Fluidstack is the AI Cloud Platform. We build GPU supercomputers for top AI labs, governments, and enterprises. Our customers include Mistral, Poolside, Black Forest Labs, Meta, and more.
Our team is small, highly motivated, and focused on providing a world class supercomputing experience. We put our customers first in everything we do, working hard to not just win the sale, but to win repeated business and customer referrals.
We hold ourselves and each other to high standards. We expect you to care deeply about the work you do, the products you build, and the experience our customers have in every interaction with us.
You must work hard, take ownership from inception to delivery, and approach every problem with an open mind and a positive attitude. We value effectiveness, competence, and a growth mindset.
As a Member of Technical Staff at Fluidstack, you will design, develop, and maintain software solutions that power our AI infrastructure and enable our customers to run complex ML workloads efficiently at scale.
Your responsibilities are aligned with the success of our customers and your teammates, and you'll work side-by-side with them to push forward the state of the art in AI/ML. A day's work may include:
Developing and optimizing job scheduling systems to maximize GPU utilization and throughput for ML workloads
Building and improving software interfaces for cluster management that support PyTorch, JAX, and other ML frameworks
Creating monitoring and observability tools for tracking training progress, resource usage, and system performance
Implementing data pipeline optimizations to accelerate training and inference workflows
Designing and developing APIs and services to integrate with MLflow, Kubeflow, Weights & Biases, and other ML tooling
Writing libraries and utilities to simplify the deployment and management of distributed training jobs
We are looking for candidates who are customer-centric, with a bias to action, and an ability to thrive in ambiguity. We expect communication skills, a low ego, and a positive attitude.
In terms of skills, if any of the below bullet points sound like you, please reach out!
You have developed software for training or serving large-scale ML models (1000+ GPU scale)

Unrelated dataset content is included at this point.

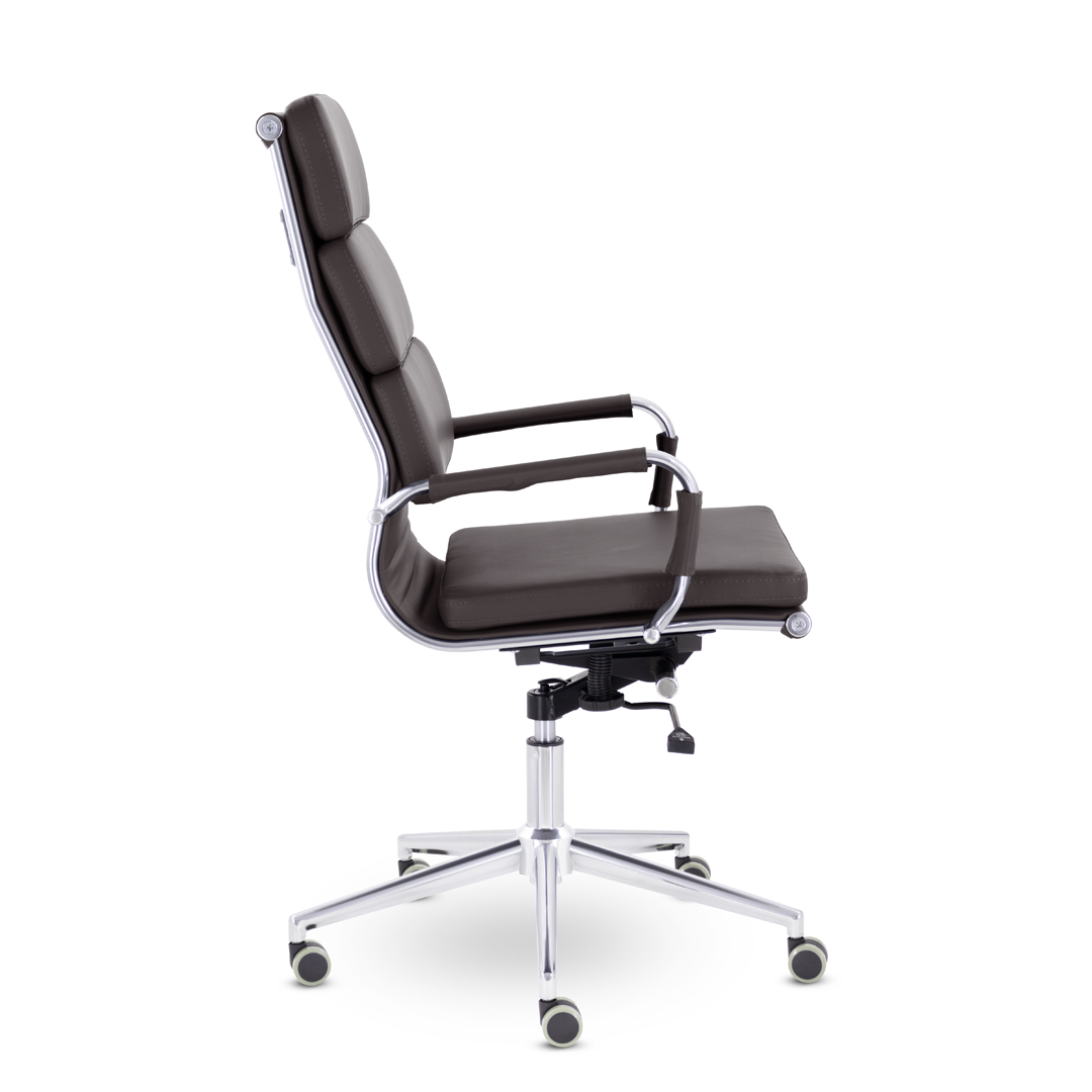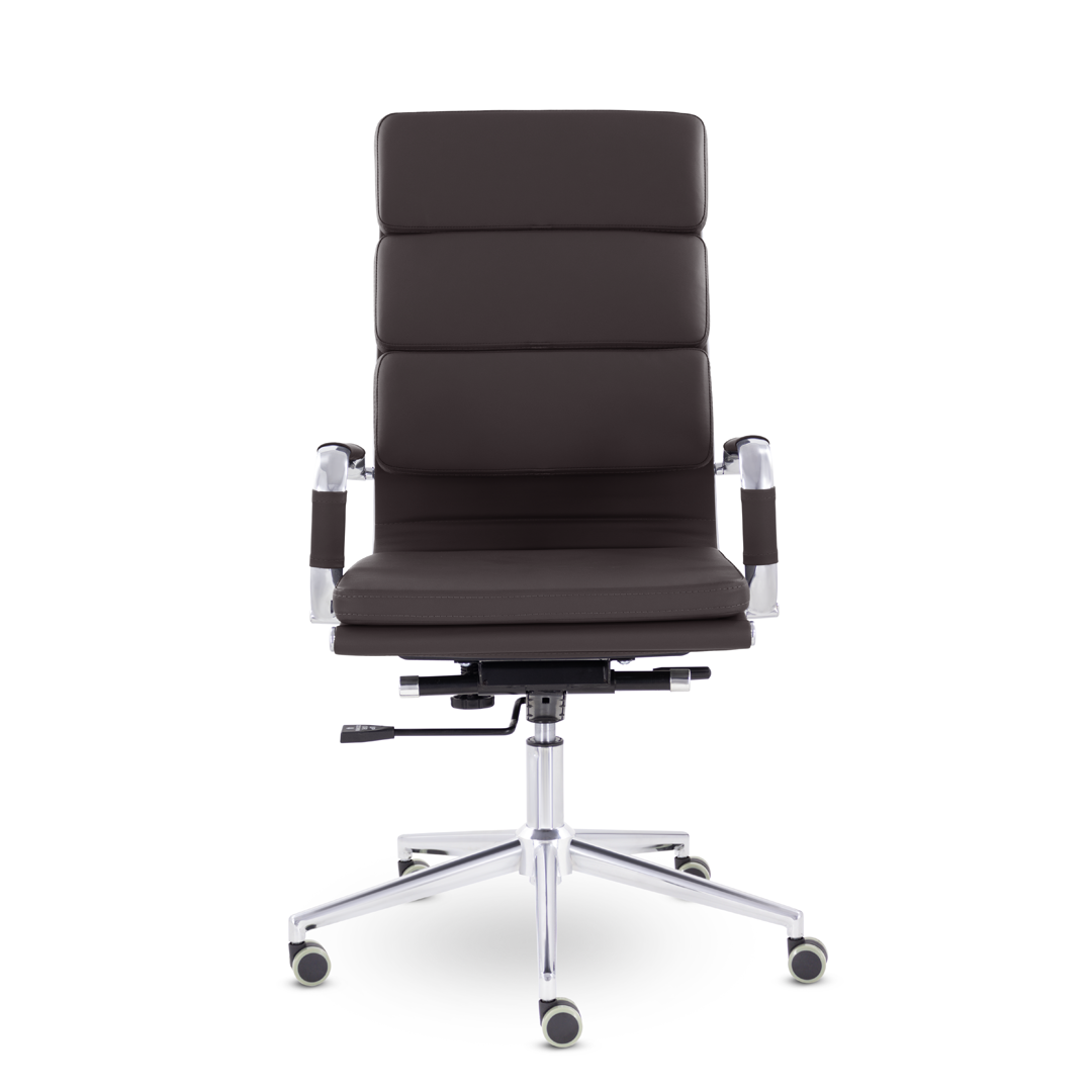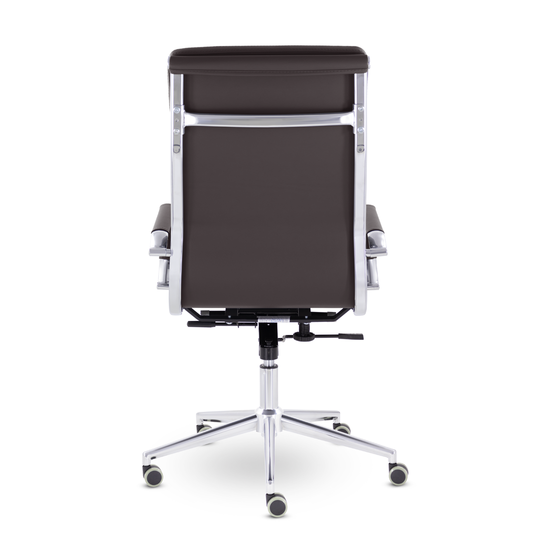 Кресло руководителя в современном металлическом каркасе. Комфорт создается благодаря мягким элементам спинки и сиденья. Зеркальный хромированный каркас и узкая крестовина задают современный стиль креслу. Кресло отлично смотрится в строгих и открытых кабинетах.

You have optimized distributed training performance across multiple nodes and accelerators
You have implemented APIs and interfaces for ML platforms that prioritize developer experience
You have experience with orchestration systems like Kubernetes or SLURM in the context of large scale ML workloads
You have built or contributed to ML infrastructure tools (e.g., Ray, Horovod, DeepSpeed), and have experience with ML experiment tracking and workflow systems (MLflow, Kubeflow, W&B)
After submitting your application, the team will review your resume. If your application passes this stage, you will be invited to a 30 minute screen. If you clear this initial phone interview, you will enter the main process, which consists of three 45 minute interviews: a technical deep dive, customer communications and debugging session, and a culture fit interview.
Our goal is to finish the main process within one week. All interviews will be conducted virtually.
Competitive total compensation package (cash + equity).
Retirement or pension plan, in line with local norms.
Health, dental, and vision insurance.
Generous PTO policy, in line with local norms.
Fluidstack is remote first, but has offices in key locations. For all other locations, we provide access to WeWork.